DATA TO EXAMINE:
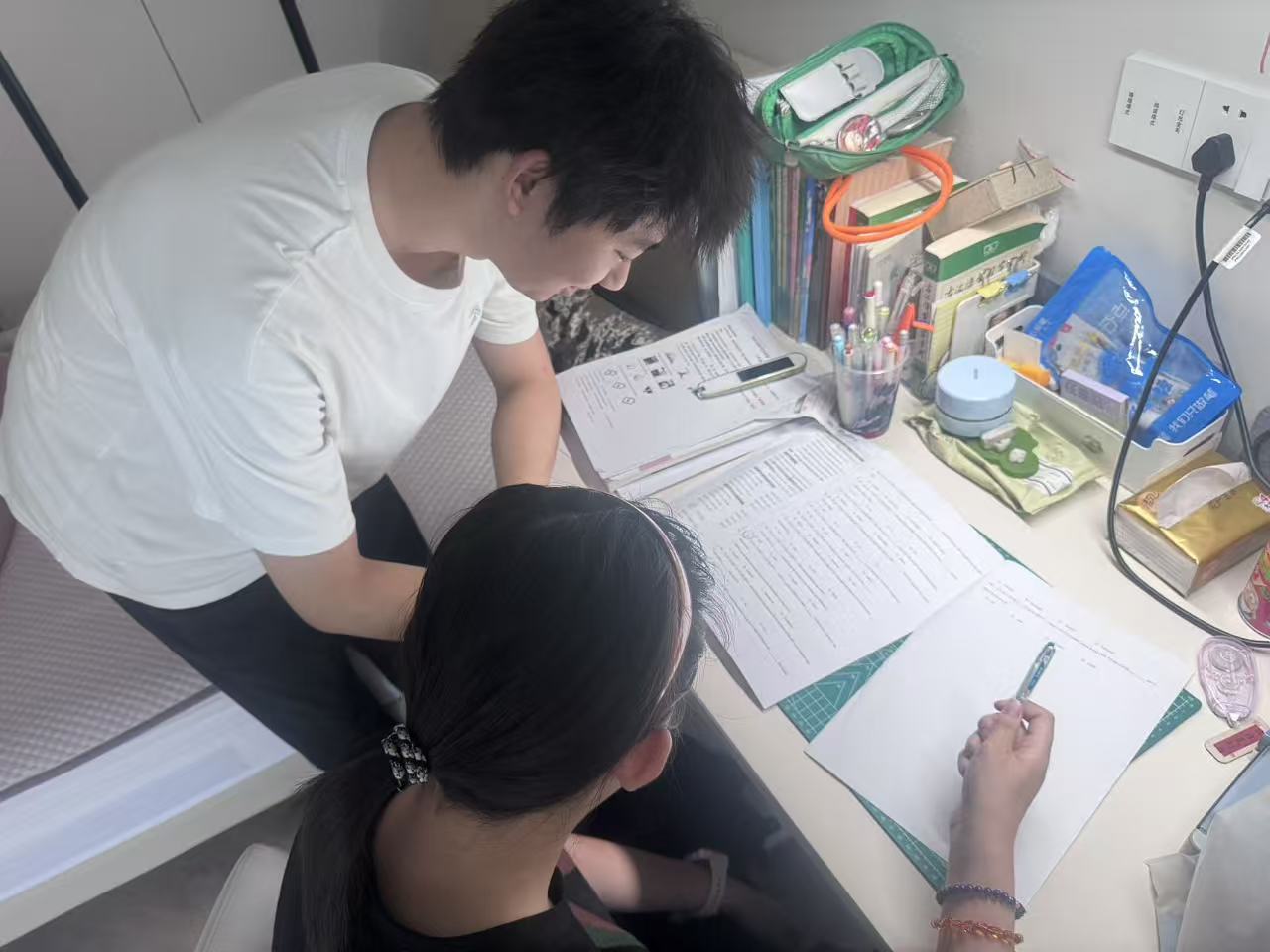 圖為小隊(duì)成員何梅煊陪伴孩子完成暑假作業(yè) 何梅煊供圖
==
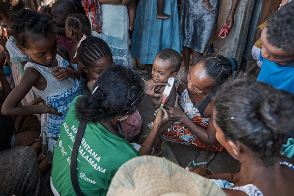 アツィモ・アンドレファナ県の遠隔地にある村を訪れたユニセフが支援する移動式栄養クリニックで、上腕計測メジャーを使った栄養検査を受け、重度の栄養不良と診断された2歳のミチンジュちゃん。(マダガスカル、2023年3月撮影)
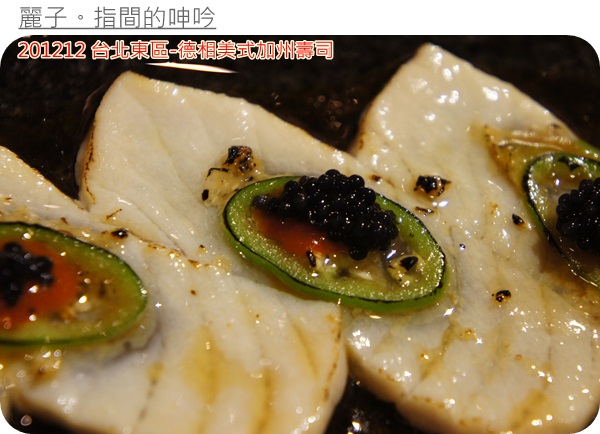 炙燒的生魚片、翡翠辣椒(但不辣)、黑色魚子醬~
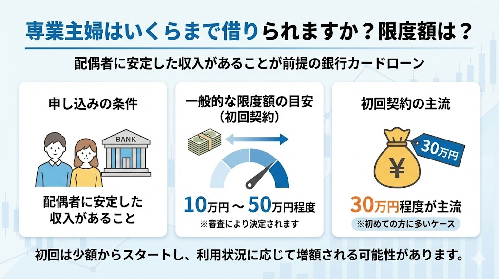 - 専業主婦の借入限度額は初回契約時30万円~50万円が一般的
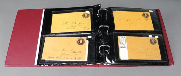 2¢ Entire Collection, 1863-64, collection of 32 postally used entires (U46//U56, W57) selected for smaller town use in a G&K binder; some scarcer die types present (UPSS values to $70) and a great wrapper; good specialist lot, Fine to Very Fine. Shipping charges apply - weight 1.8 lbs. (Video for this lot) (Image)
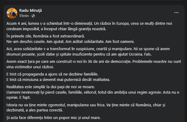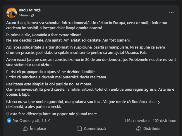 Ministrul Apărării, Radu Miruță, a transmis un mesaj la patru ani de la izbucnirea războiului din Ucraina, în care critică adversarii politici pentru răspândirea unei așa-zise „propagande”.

PROBLEM STATEMENT: Taking the entries above, extract every line from the one bearing "2¢ Entire Collection, 1863-64, collection" through the one bearing "Ministrul Apărării, Radu", exactly, with no pictures.

SOLUTION FOR THIS EXERCISE:
 2¢ Entire Collection, 1863-64, collection of 32 postally used entires (U46//U56, W57) selected for smaller town use in a G&K binder; some scarcer die types present (UPSS values to $70) and a great wrapper; good specialist lot, Fine to Very Fine. Shipping charges apply - weight 1.8 lbs. (Video for this lot) (Image)
 Ministrul Apărării, Radu Miruță, a transmis un mesaj la patru ani de la izbucnirea războiului din Ucraina, în care critică adversarii politici pentru răspândirea unei așa-zise „propagande”.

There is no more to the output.